Symphony ‘All Dressed Up’ for charity event Saturday in Port Angeles

PORT ANGELES — Music and art lover Connie Thorson had never lived in a small town before.

So when she left Sacramento, Calif., in 1990 to move to the North Olympic Peninsula and marry Dick Thorson, he immediately took her to two places.

The Port Angeles Fine Arts Center, the city’s museum on the hill, and the Port Angeles Symphony Orchestra wowed this newcomer.

In the past 24 years, Connie has both enjoyed and supported the arts in her adopted hometown. In recent years, she has been a key volunteer in the Applause! Auction, a lavish benefit that includes hors d’oeuvres, Camaraderie Cellars wines, music and a four-course dinner.

This year’s party, with the theme “All Dressed Up and Somewhere to Go,” is set for 6 p.m. Saturday, Feb. 22, at the Elks Naval Lodge, 131 E. First St., with tickets available at $75 per person including dinner, musical entertainment and the bidding festivities under Seattle auctioneer Dennis Caldirola.

Dinner choices include prime rib, chicken Marsala and vegetarian lasagna, while information and reservations are available at the symphony office at 360-457-5579.

Applause! is “the orchestra’s most important fundraiser of the year,” said Symphony Executive Director Mark Wendeborn.

“Seventy percent of our fundraising budget comes from this event,” he noted.

Items up for bid this time around range from getaway packages in Victoria to a villa stay in Bali, Indonesia. Symphony supporters also have donated fine art, a day of winemaking at Camaraderie Cellars, dinner parties in local homes and unlimited car washes for a year, among other gifts. Which showed Connie something else about Port Angeles.

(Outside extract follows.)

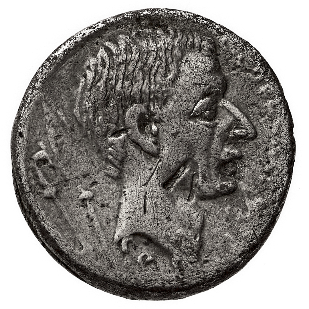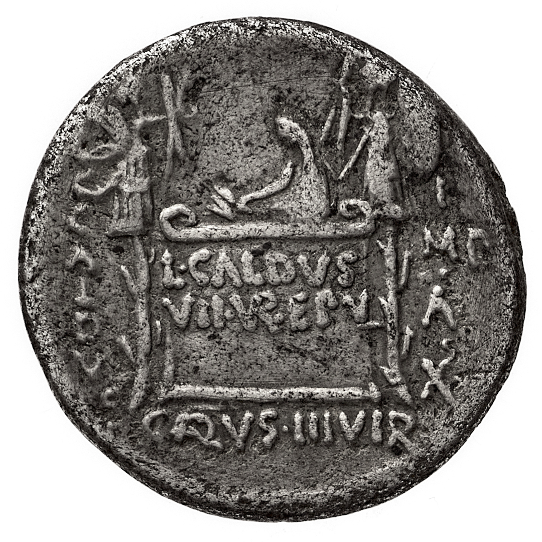 Denario al nome CALDVS IIIVIR databile al 51 a.C. - Zecca: Roma - Diritto: testa nuda di C. Coelius Caldus a destra; dietro la nuca carnyx e lancia - Rovescio: una figura rivolta a sinistra nell'atto di scrivere su una tavoletta; ai suoi lati due trofei variamente composti - gr. 3,37 - Rara - Contromarca al diritto, BB

“With the donations we’ve gotten, everybody has been so generous,” she said. “That’s true of our town.”

The trips are tantalizing, she added: a weeklong stay at a French Quarter hotel in New Orleans, a trip to the Tuscan town of Corona, Italy.

But not everything is high-ticket.

“They have a good range of prices, so everybody who goes can be a part of it,” said Connie. “They have the big trips . . . and the fun things,” including envelopes with mystery gifts inside.

“It’s a fast-paced auction,” she said, recalling the time she and symphony volunteer Robbin Eaves were in charge of tracking who made the winning bids on what and for how much.

This year, the Thorsons cannot make it to the event. They have tickets to the opera in Victoria. But Connie, not one to miss out, plans to authorize friends to bid on selected items.